Task brief => Set out exactly, line by line, the stretch of data below that begins at the line containing "Learn more about" and ends at the line containing "May your daughter", with both ends kept.

Supplied data =>
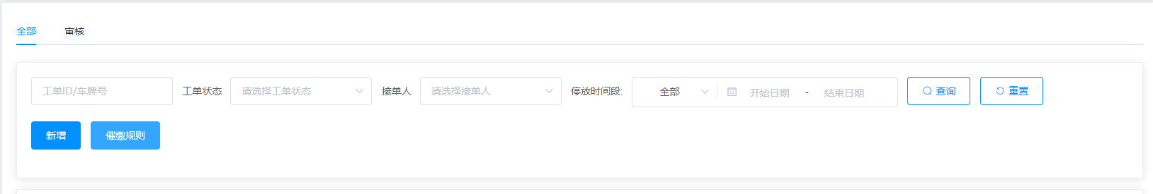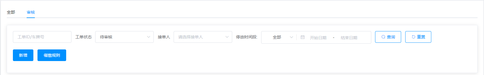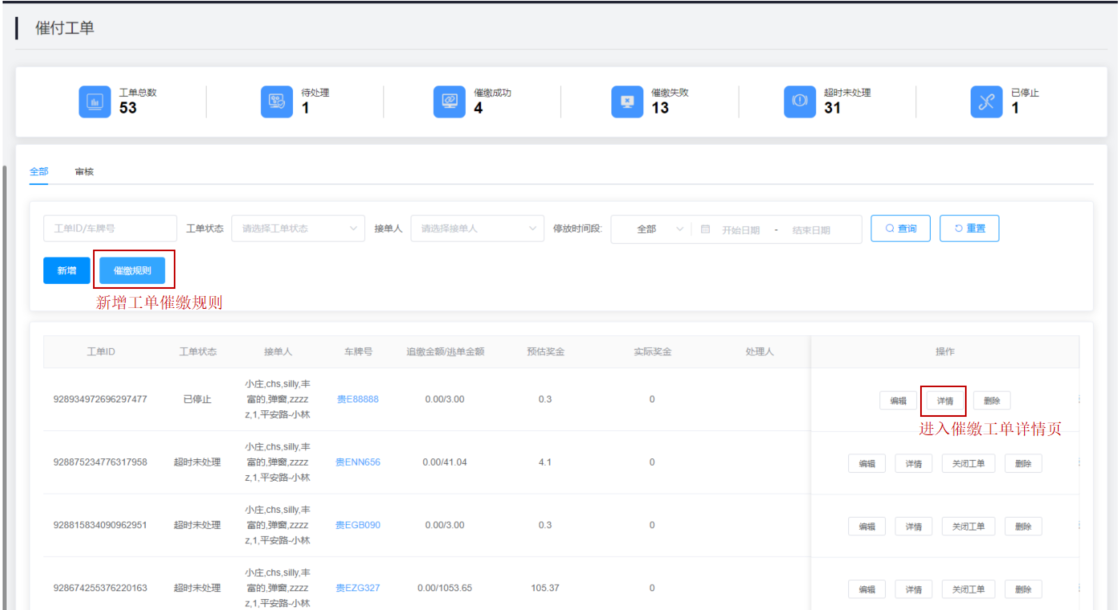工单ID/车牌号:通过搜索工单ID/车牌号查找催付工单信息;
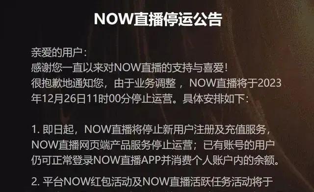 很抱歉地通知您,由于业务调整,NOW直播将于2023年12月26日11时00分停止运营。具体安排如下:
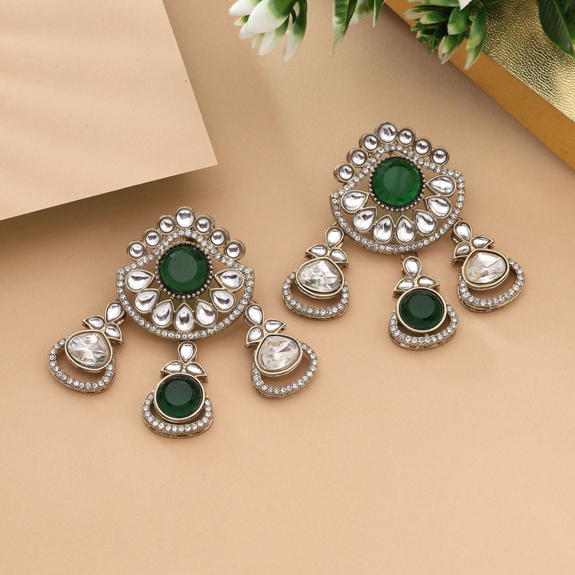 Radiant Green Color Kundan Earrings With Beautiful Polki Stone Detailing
...
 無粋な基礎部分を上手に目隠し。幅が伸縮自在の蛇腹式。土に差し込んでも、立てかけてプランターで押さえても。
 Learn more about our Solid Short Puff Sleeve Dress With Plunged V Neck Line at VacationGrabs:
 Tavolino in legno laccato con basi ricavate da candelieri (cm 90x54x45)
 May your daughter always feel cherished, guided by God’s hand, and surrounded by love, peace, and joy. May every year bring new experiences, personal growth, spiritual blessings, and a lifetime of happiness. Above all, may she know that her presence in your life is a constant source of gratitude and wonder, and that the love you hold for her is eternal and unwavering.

Solution for this problem =>
 Learn more about our Solid Short Puff Sleeve Dress With Plunged V Neck Line at VacationGrabs:
 Tavolino in legno laccato con basi ricavate da candelieri (cm 90x54x45)
 May your daughter always feel cherished, guided by God’s hand, and surrounded by love, peace, and joy. May every year bring new experiences, personal growth, spiritual blessings, and a lifetime of happiness. Above all, may she know that her presence in your life is a constant source of gratitude and wonder, and that the love you hold for her is eternal and unwavering.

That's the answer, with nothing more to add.